Evaluating Autoencoders for Parametric and Invertible Multidimensional Projections
This work addresses a specific need in data visualization for researchers and practitioners by enabling efficient embedding and data generation, though it is incremental as it builds on existing autoencoder and projection methods.
The paper tackled the problem of creating parametric and invertible multidimensional projections simultaneously, which had not been explored before, and found that autoencoders with a customized loss function produce smoother projections than feed-forward neural networks, offering user control over smoothing.

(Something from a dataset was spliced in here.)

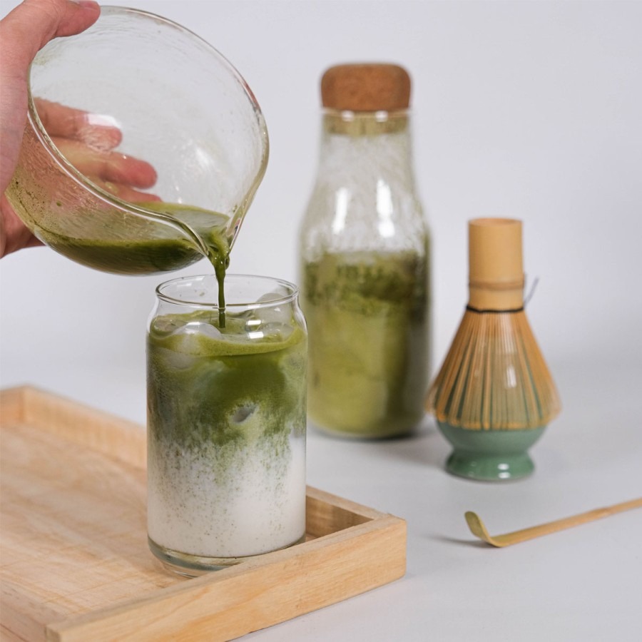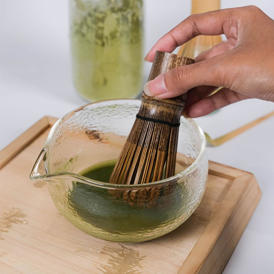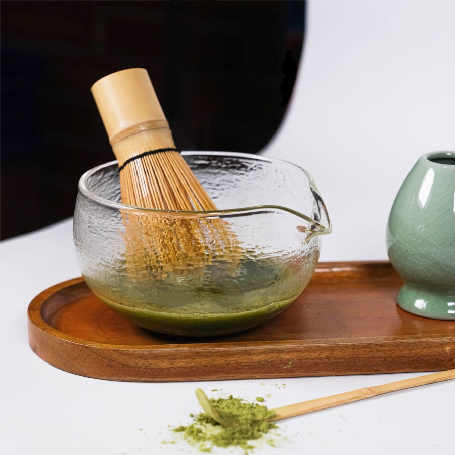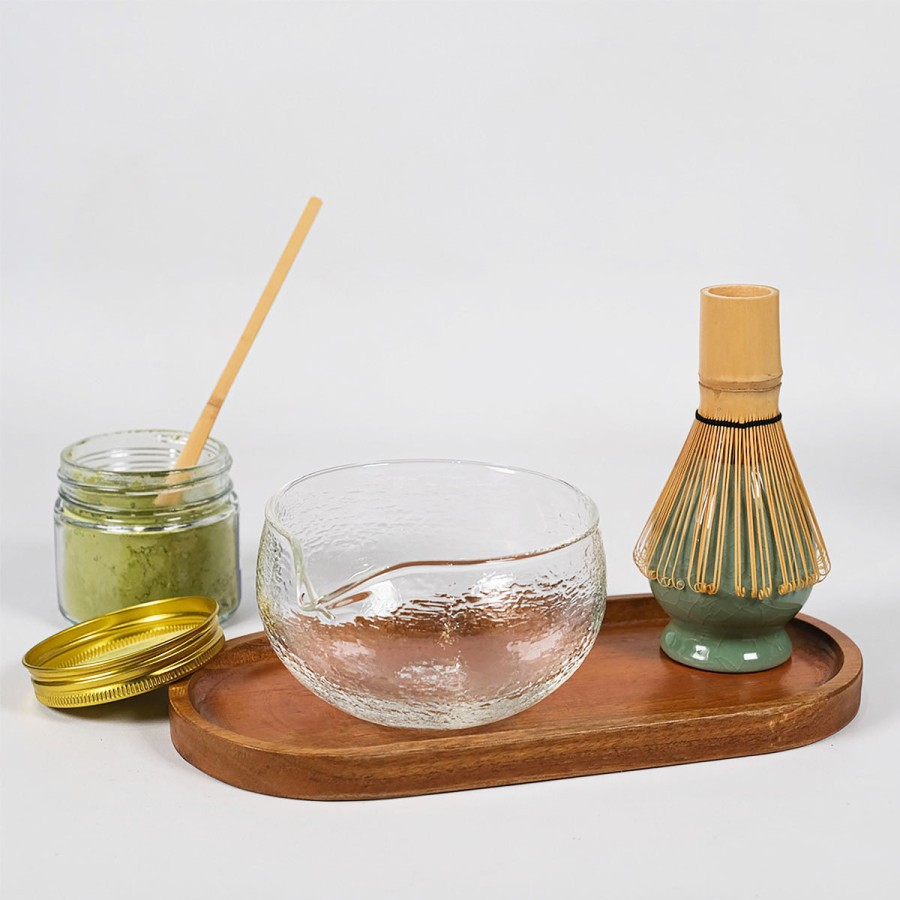 Matcha Bowl High Quality Textured Glass Chawan With Pouring Spout - Mangkok Matcha Bening

Recently, neural networks have gained attention for creating parametric and invertible multidimensional data projections. Parametric projections allow for embedding previously unseen data without recomputing the projection as a whole, while invertible projections enable the generation of new data points. However, these properties have never been explored simultaneously for arbitrary projection methods. We evaluate three autoencoder (AE) architectures for creating parametric and invertible projections. Based on a given projection, we train AEs to learn a mapping into 2D space and an inverse mapping into the original space. We perform a quantitative and qualitative comparison on four datasets of varying dimensionality and pattern complexity using t-SNE. Our results indicate that AEs with a customized loss function can create smoother parametric and inverse projections than feed-forward neural networks while giving users control over the strength of the smoothing effect.